It has been shown that nanoparticles exhibit size-dependent uptake by tumor cells. Nanoparticles with sizes ranging from 10 to 150 nm are considered to have the best EPR results. In addition, NPs > 30 nm in size tend to accumulate at the tumor site. Neutral and amphoteric ion-charged particles exhibit low plasma clearance, which leads to increased tumor uptake. NPs with negative zeta potential or neutral potential can achieve their long circulation in vivo. Particle size, shape and zeta potentials were also effective in the cytotoxicity of nanoparticles.

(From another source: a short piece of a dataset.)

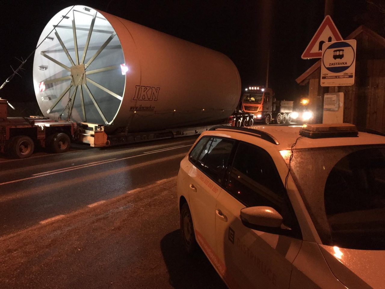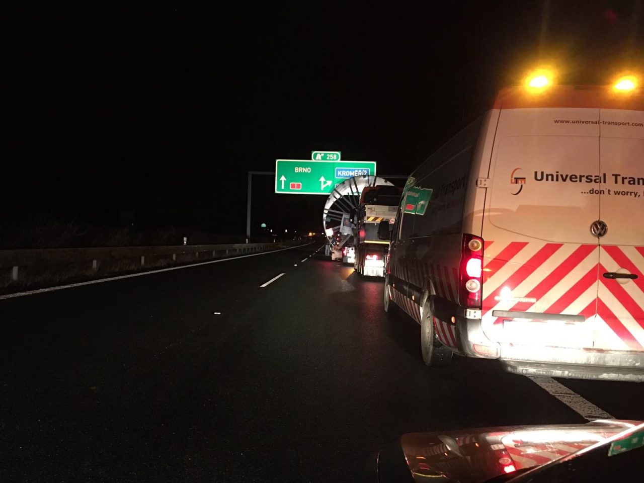 Náklad vyjel ve čtvrtek nad ránem a dojel z Přerova do Černé Hory, kde přenocoval. Dnes vyrazí kolem půl deváté z Černé Hory a na místo určení (do cementárny v Prachovicích) dorazí po 122 km kolem 18. hodiny.

Spherical nanoparticles are less toxic than fibrous nanoparticles, and neutral particles are less cytotoxic than charged nanoparticles [4850]. The excellent biocompatibility of PAA coating ensured the efficient endocytosis of ZnO–Au@mSiO2 by Lewis lung tumor cells (LLC) (Fig. 2a). X-ray irradiation and released Zn2+ in tumor cells led to the generation of reactive oxygen species (ROS), and the combination of X-ray irradiation and released Zn2+ generated more ROS (Fig. 2b). Quantitative analyses demonstrated that the ROS concentration generating with ZnO–Au@mSiO2 plus X-ray treatment is approximately 2.7-fold, 3.6-fold and 1.6-fold amplified than that of PBS, X-ray irradiation, and ZnO–Au@mSiO2 group, respectively (Fig. 2c). ROS generation induced intracellular lipid peroxidation of ZnO–Au@mSiO2 plus X-ray irradiation was 26.1-fold higher than PBS, which was primarily attributed to more ROS production via both high-Z radiosensitization and the effect of Zn2+ (Fig. 2d).

Fig. 2.

Fig. 2

In vitro inhibition of tumor cell growth. a Cell uptake on LLC cells incubated with ZnO–Au@mSiO2 analyzed by Flow cytometry at different time. b Intracellular ·OH generation detected by DCFH-DA probe (scale bar, 20 μm). c Flow cytometry data for DCFH-DA probe treated with different therapeutic groups. d Detection of lipid peroxidation by BODIPY-C11 staining in LLC cells incubated with different groups. e Cell viabilities of LLC cells and LO2 cells measured by MTT assays, after incubating with different concentration of ZnO–Au@mSiO2 with or without X-ray. f Flow cytogram representing apoptosis assay based on Annexin V-FITC and propidium iodide staining of LLC cells after treatment with different therapeutic groups. Group 1: PBS, Group 2: PBS + X-ray, Group 3: Au@mSiO2, Group 4: Au@mSiO2 + X-ray, Group 5: ZnO–Au@mSiO2u, Group 6: ZnO–Au@mSiO2 + X-ray

Obviously, these induced significant cytotoxicity on tumor cells. Under the concentration of 200 μg/mL (ZnO–Au@mSiO2), the cell viability was 80.7 ± 13.4%. And the tumor cellular viability was sharply dropped to 45.7 ± 8.6% by the additional X-ray irradiation (Fig. 2e). Notably, normal human liver cells (LO2 cells) showed excellent tolerance to ZnO–Au@mSiO2, manifesting its negligible cytotoxicity to normol cells (Fig. 2e). The apoptosis rate of LLC cells in ZnO–Au@mSiO2 + X-ray group (41.4%) is much higher than that of PBS group (3.6%) (Figs. 2f, S5).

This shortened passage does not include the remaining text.